Looking back, I thought Marcos was the worst authoritarian thief elected to the presidency. Then I thought Cory, after a brief admiration in 1986, was the caregiver of cronies and relatives in government. Ramos, in dotage still a political butterfly, flitting from his cousin Ferdinand's garden to Cory's yellow canvas to Gloria's team to Duterte's street corner. Estrada, instigator of EDSA 2001, was just a cut from the old Marcosian cloth as was Benigno Aquino III a chip off his peevish mother. What could be worse?

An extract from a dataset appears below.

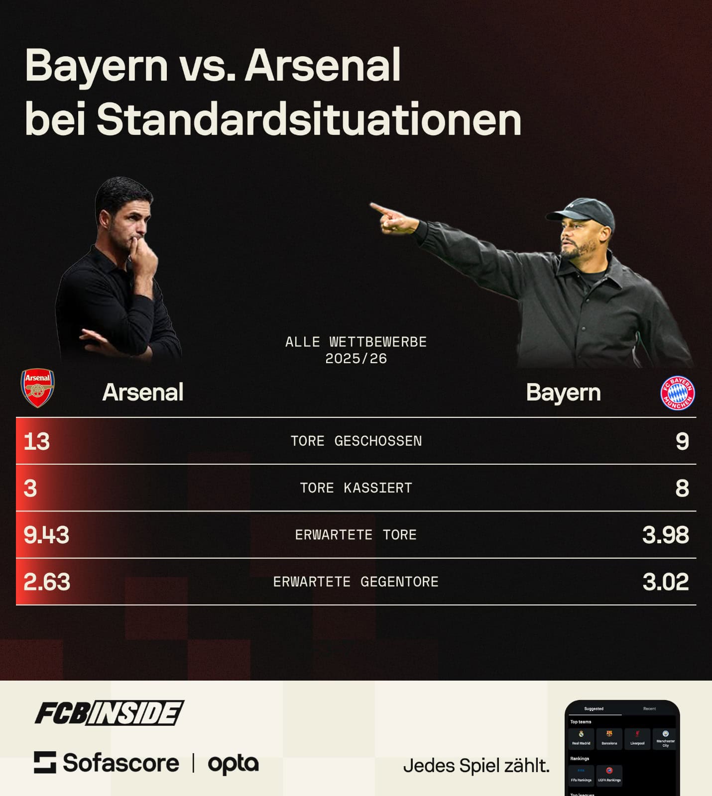 After the Freiburg game, the coach explained with regard to the Gunners: „They are the best team in Europe at set-pieces. I think that’s a good challenge. I don’t know if there are many better teams in Europe than Arsenal at the moment. We’re looking forward to the game.“ However, Munich have shown weaknesses at set-pieces of all things recently.
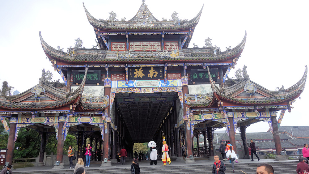 Auf der Brücke kann man sich mit zwei Symbolen von Chengdu fotografieren lassen: Dem Panda und der Sichuan-Oper.

Well, after looking back at lot, we still have to look forward, wondering why Duterte insists on just six months to wipe out a serious drug problem, when he can -- methodically, without murdering "collateral damages," setting a bright example to the world community -- ensure the success of his vision in six years: 2,191 days instead of the silly 180 days he imposed on himself. That it's a campaign promise does not hold anymore, after he failed to jetski and plant a Philippine flag on Scarborough Shoal to fulfill another campaign pledge. Or was it another joke? The jokes and excuses are running thin; at least, through this eerie and deadly transparency, we can clearly see how worthless the lessons of History are, when we entrust our future to less worthy men.

Look back to affirm, not to deny, the truth.